Teaching for many conservatives such as Duncan is often treated merely as a set of strategies used in order to teach prespecified subject matter. In this context, teaching becomes synonymous with a method, a technique or the practice of a particular set of skills. The role of the teacher in this approach has more to do with a clerk offering a grab bag of techniques than a critically informed teacher willing to do more than "serve up well worn and obvious truths that reinforce both common sense, the self-evident and existing relations of power."[53] Critical pedagogy rejects this notion that teaching can be reduced to a set of prepackaged techniques implemented regardless of the contexts in which they are used. Critical pedagogy views education, instead, as a political and moral project attentive to matters of agency and to the history and specificity of the contexts in which students learn. Learning is always political because it is connected to the formation and acquisition of agency. For this reason, pedagogy can never be viewed merely as a method or disinterested practice simply because it always represents, whether consciously or not, a deliberate attempt on the part of educators to influence how and what knowledge and subjectivities are produced within particular sets of social relations.[54] As a political project, critical pedagogy illuminates the relationships among knowledge, authority and power, drawing attention to questions such as who has control over the conditions for the production of knowledge, values and skills. It raises important questions about the kind of life presented to us in the classroom and whether it enables students to be autonomous, self-determining and capable of self and social critique. Moreover, it sheds light on the ways in which knowledge, identities and authority are constructed within particular circuits of power and whether such relations neutralize or make visible the meaning and challenges facing an aspiring democracy.
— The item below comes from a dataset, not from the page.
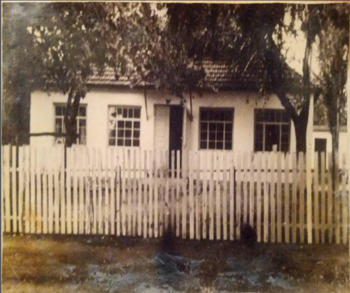
Первый детский сад села.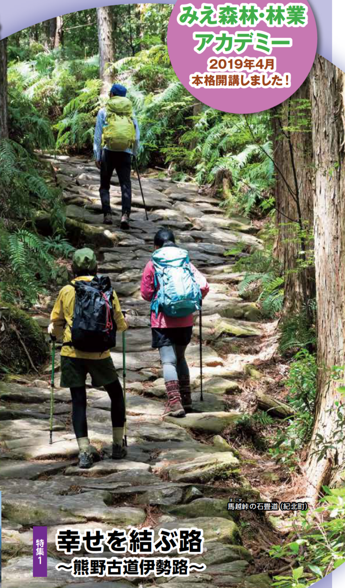
馬越峠の石畳道 (紀北町)

Ethically, critical pedagogy stresses the importance of understanding what actually happens in classrooms and other educational settings by raising questions regarding what knowledge is of most worth, what it means to know something and desire knowledge, and what future is being imagined within particular modes of pedagogy. It also takes seriously the important relationship between how we learn and how we act as individual and social agents. In this instance, critical pedagogy is concerned with teaching students not only how to think, but also how to assume a measure of individual and social responsibility - namely, what it means to be responsible for one's actions as part of a broader attempt to be an engaged citizen who can participate individually and collectively in society in order to expand and deepen the possibilities of democratic public life.[55] There is no such thing as a disinterested pedagogy. Nor should there be since a noncommittal pedagogy is an impossibility. Rather than forfeiting the responsibility that comes with authority, critical pedagogy embraces it as both an object of ongoing self-reflection and a source for critical agency. Authority in this instance is used to provide students with the pedagogical conditions necessary to enable them to face the responsibilities and choices they have to make in society about their role in addressing human misery, suffering and a sustainable future in which the struggle for equality, reason, freedom and justice is ongoing. Critical pedagogy at its most ambitious offers an approach for educators to foster the conditions that enable students to think critically, take risks and reflect on the connection between the knowledge they gain and the obligations of civic and social responsibility. At the same time, critical pedagogy encourages recognition that effective learning is not about passively receiving knowledge as a commodity or a predesigned method.

Pedagogy is not merely about providing information for consumption - what Paulo Freire called banking education - it is about actively engaging classroom knowledge through critical dialog, judgment, argument and analysis. Public schools and the pedagogies they invoke need not be limited to learning how to take tests and mastering instrumental methodologies designed to produce and use empirical data. They can be about creating spaces that unsettle and inspire, problematize common sense and make knowledge meaningful, challenge authoritarianism both in and out of the classroom and empower students to be informed and critical of the world around them. Such pedagogies can evaluate students through the protocols of writing essays, doing research papers, working collectively on projects, learning how to read and use the new media critically and productively and connecting what they learn not only to their immediate environment, but also to those times and places that exist far removed from their own experiences. This orientation of critical pedagogy toward social justice through transformative personal and social analyses may be one reason why it seems to be viewed as dangerous by Duncan and many of his supporters, including David Steiner, the current commissioner of the New York State Department of Education.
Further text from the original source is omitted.